It appears that the authorities are paying attention to rising concerns over the ongoing expansion of the Cheddi Jagan International Airport (CJIA), at Timehri.
A major probe is to be carried out to determine whether Guyana received value for its money.
It would come after almost a decade of criticisms for a project that was born in secret and has been saddled with one problem after another.
According to Auditor General, Deodat Sharma, an audit is being planned at the moment.
Declining to go into details, he admitted, however, that all aspects of the US$150M project will be looked at.
“The Auditor General has a mandate. We don’t have to be told to carry out audits on state entities or
ministries. We can move in and conduct one.”
The project has been raising alarm bells, with constant finger-pointing taking place between political parties, and no one taking the blame for what was to be the country’s showpiece.
The project was secretly signed in late 2011, days before general elections and the ending of the Constitutional two-terms of Bharrat Jagdeo. Since then, it remains incomplete, with Guyana getting a smaller-than-promised terminal building, almost a decade later. The project was supposed to last for 32 months.
The quality of work and the amount of concessions that the contractor, China Harbour Engineering Company (CHEC), received, has been under question.
There were reports yesterday that a section of the runway collapsed due to the early morning rains.
In recent days, an under-pressure Minister of Public Infrastructure, David Patterson, under whose remit the project falls, in response to a number of stories by Kaieteur News, disclosed that on entering office in 2015, the Coalition Government during an assessment found several things wrong. One of them was that for almost 15 months, CHEC was doing its work without any independent supervision from a consulting engineer.
In fact, there were claims filed by CHEC for up to US$90M, with only seven percent of the work done.
Independent analysis done for Kaieteur News by engineers and contractors found that costs as submitted by CHEC
were astronomical…for example, a 40-plus inch television monitor was over $1M. The airport was supposed to have one brand-new terminal building with eight passenger-boarding bridges. However, a smaller building to house the arrivals area was built while the old terminal was gutted and renovated to house the departure area.

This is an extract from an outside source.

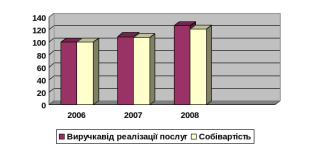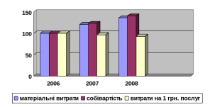 На рис. 2.2.5. наведено динаміку цих показників, а також витрати на 1 грн наданих послуг за 2006-2008 рр.

From indications, CHEC, which has regional offices in Jamaica, came to the then Government with a proposal for a new airport. There appeared to be no studies or other reports that CHEC did before, to start its works. Without requisite checks on whether the costs were realistic, the then PPP/C government signed the contract.
The project was not tendered and CHEC did not get the money until a year later.
The Chinese contractor reportedly started to dump thousands of trucks of sand on the northern end of the runway before they realized that soil conditions would have created problems.
The PPP government then approved the contractor to work on the southern end.
There have been no disclosures by this government or previous ones whether CHEC has been sanctioned for the delays.
What is known is that for the millions budgeted and for what Guyana is getting, it remains in the hole for more than the US$138M in loans it took from China.